Tomorrow I start in earnest on finishing the novel. I have worked out that if I want to finish it while I am there I need to write 5,000 words a day. Between sleeping, yoga, chanting and chatting to my friend Carla this may prove tough, but I will do as much as I can.

As I now live a life with no expectations (yeah, right…) I am not expecting anything at all from my trip. I will just go with a Zen attitude and accept whatever I find. Except for the business class flight and lounge of course – that had better be damn good. But if it’s not I can always blame Rupert….

Copyright: Helena Frith Powell 2010

Abu Dhabi, blog -->

Vote for me please…..

Heaven knows what this means but I don’t want to be number 100, so please can you vote for me and ensure that I get to at least number 99….
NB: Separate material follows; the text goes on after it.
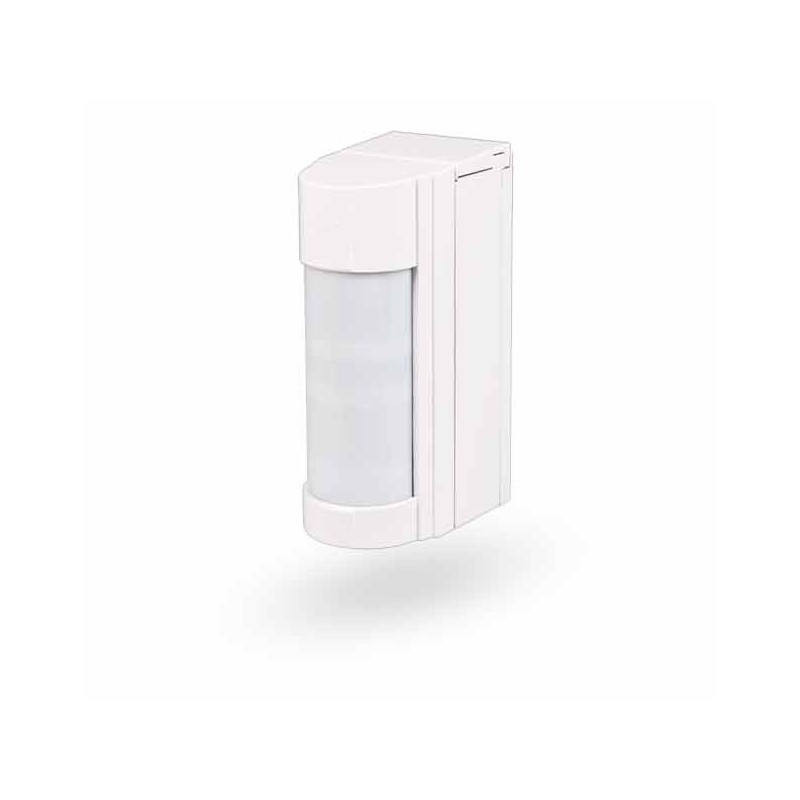 Der optische Teil des Melders enthält zwei PIR-Sensoren. Es handelt sich um eine Zweizonen-Erfassung mit hoher Immunität gegen Fehlalarme und Auslösung durch kleine Tiere. Der Melder hat eine Anti-Masking-Funktion zum Schutz gegen Abdecken seines Sichtfelds. Er ist mit zwei Sabotage-Kontakten (vorne und hinten) ausgestattet, die ein Öffnen oder gewaltsames Entfernen des Melders sofort melden. Der Melder führt regelmäßig einen Autotest durch und meldet dem System seinen aktuellen Status. Er belegt eine Position im System.

Here is the link and then you have to click on HOT 100 and ‘click here to nominate’.

www.ahlanlive.com/18417-2010-hot-100?img=97220

Meanwhile the really big news here is that out of three goldfish bought 10 days ago, two died today. What can be the reason? Poisoning? Boredom? Overfeeding? Lack of attention?

Typically Olivia’s is the sole survivor; just like Sushi Sam who is swimming about in a cow trough in the Savoie with his friend Sausage John despite a kidnap attempt and below-freezing temperatures.

He would win the Top 100 goldfish award, that’s for sure.